- _RECORDS PROVIDED_:

☆ ☆ ☆ ☆ ☆ ☆ ☆

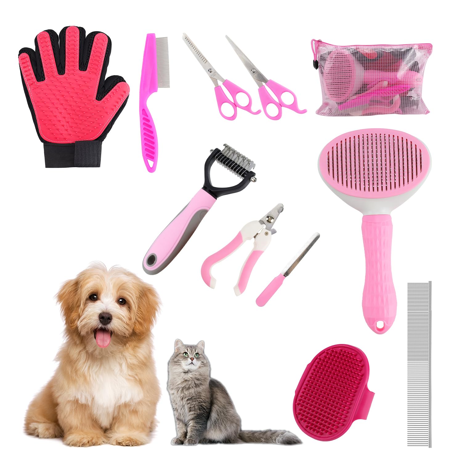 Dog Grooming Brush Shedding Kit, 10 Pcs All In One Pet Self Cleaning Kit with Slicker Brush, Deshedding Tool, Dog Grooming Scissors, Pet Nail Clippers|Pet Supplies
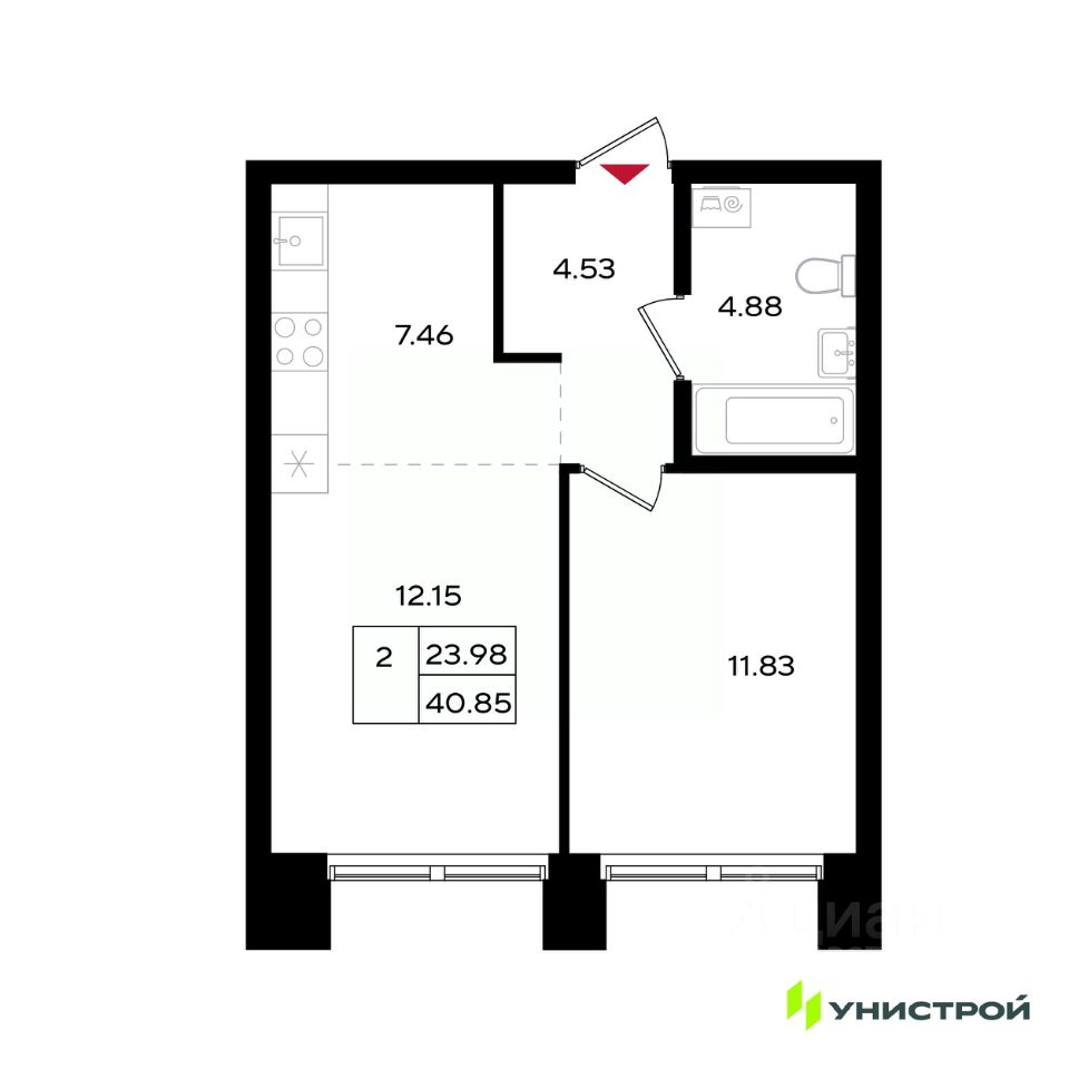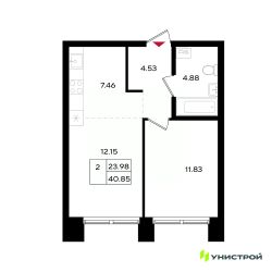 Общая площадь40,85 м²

☆ ☆ ☆ ☆ ☆ ☆ ☆

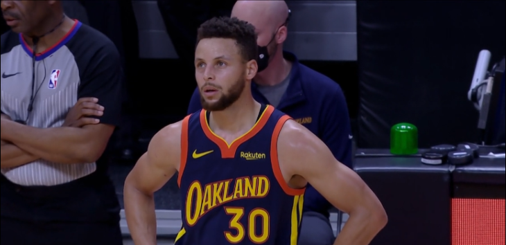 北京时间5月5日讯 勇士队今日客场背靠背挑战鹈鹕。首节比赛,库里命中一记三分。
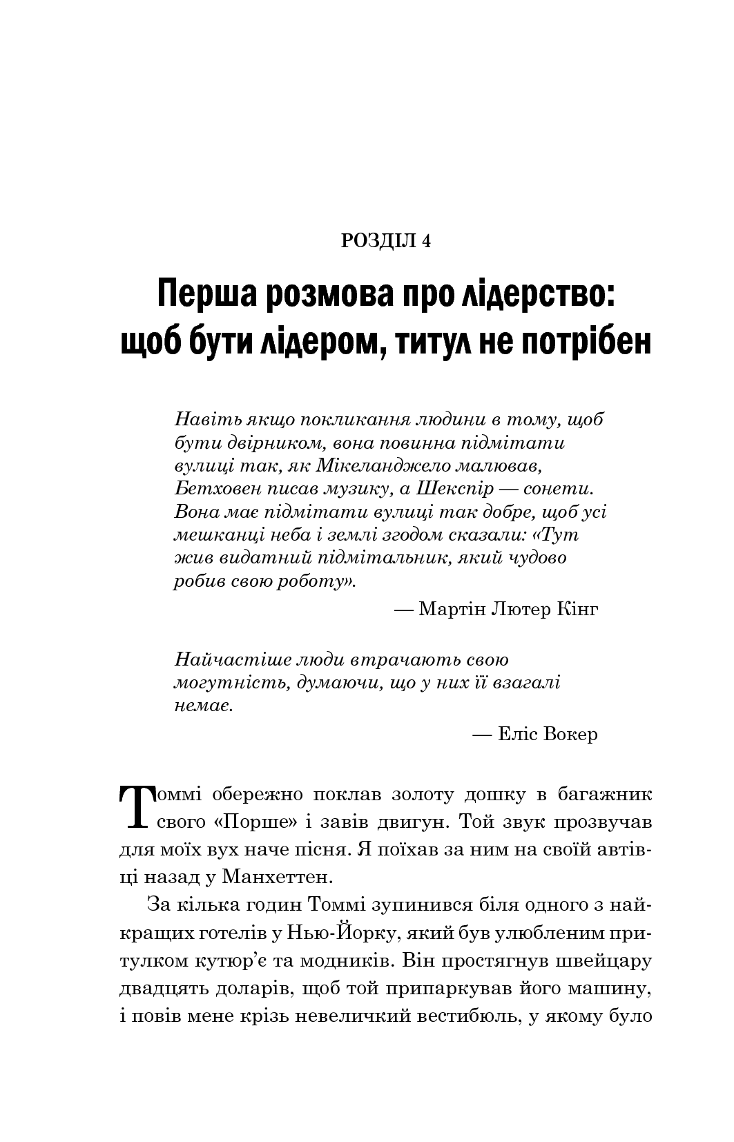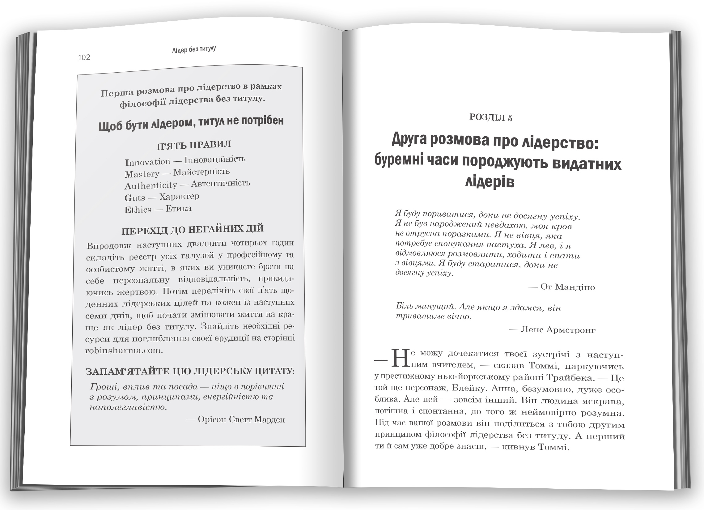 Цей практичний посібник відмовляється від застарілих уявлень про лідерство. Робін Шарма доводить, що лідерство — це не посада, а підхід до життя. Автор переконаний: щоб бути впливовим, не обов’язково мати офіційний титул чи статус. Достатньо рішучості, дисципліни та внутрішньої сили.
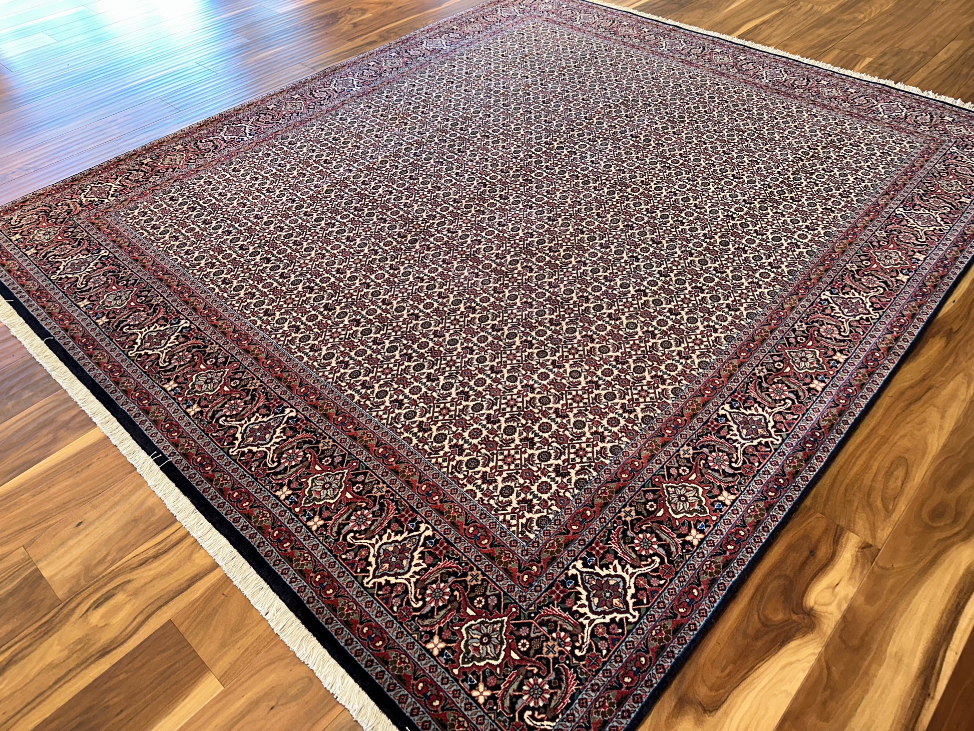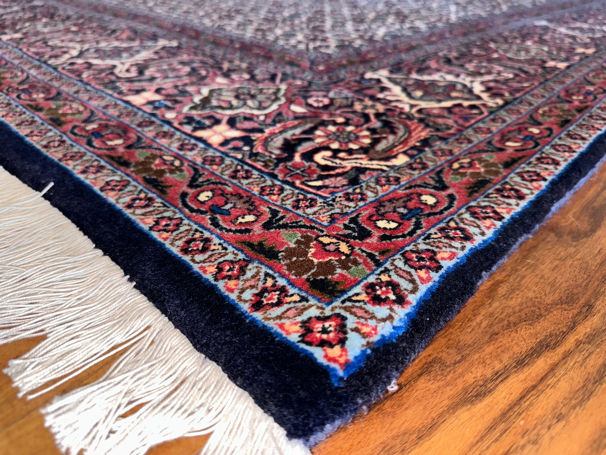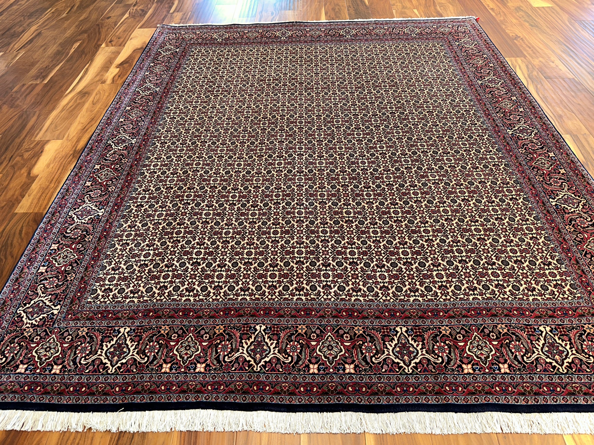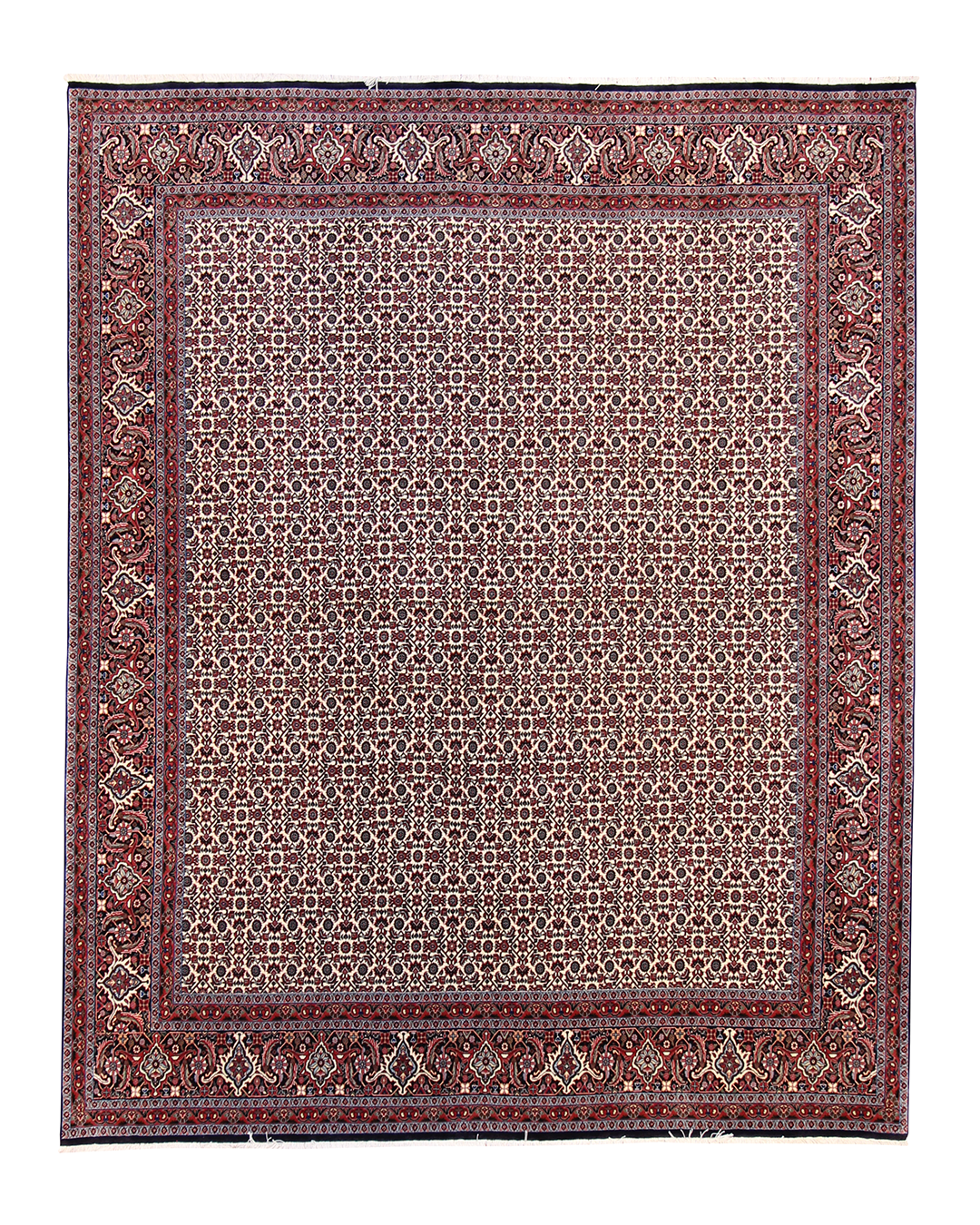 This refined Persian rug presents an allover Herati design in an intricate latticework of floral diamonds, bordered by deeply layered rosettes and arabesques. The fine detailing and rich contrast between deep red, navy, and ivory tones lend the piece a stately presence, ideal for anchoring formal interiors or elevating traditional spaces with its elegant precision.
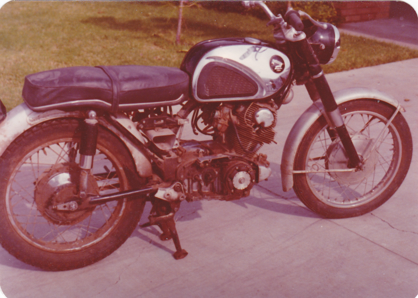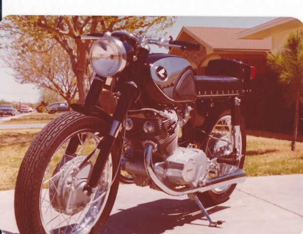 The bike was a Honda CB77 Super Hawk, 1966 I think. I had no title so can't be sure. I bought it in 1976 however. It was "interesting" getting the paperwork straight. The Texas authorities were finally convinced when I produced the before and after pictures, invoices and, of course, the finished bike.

☆ ☆ ☆ ☆ ☆ ☆ ☆

- _WORK TASK_: Could you output exactly the lines above, from the line with "Dog Grooming Brush" up to and including the line with "Общая площадь40,85 м²", and nothing else, skipping the pictures?

- _COMPLETED TASK_:
 Dog Grooming Brush Shedding Kit, 10 Pcs All In One Pet Self Cleaning Kit with Slicker Brush, Deshedding Tool, Dog Grooming Scissors, Pet Nail Clippers|Pet Supplies
 Общая площадь40,85 м²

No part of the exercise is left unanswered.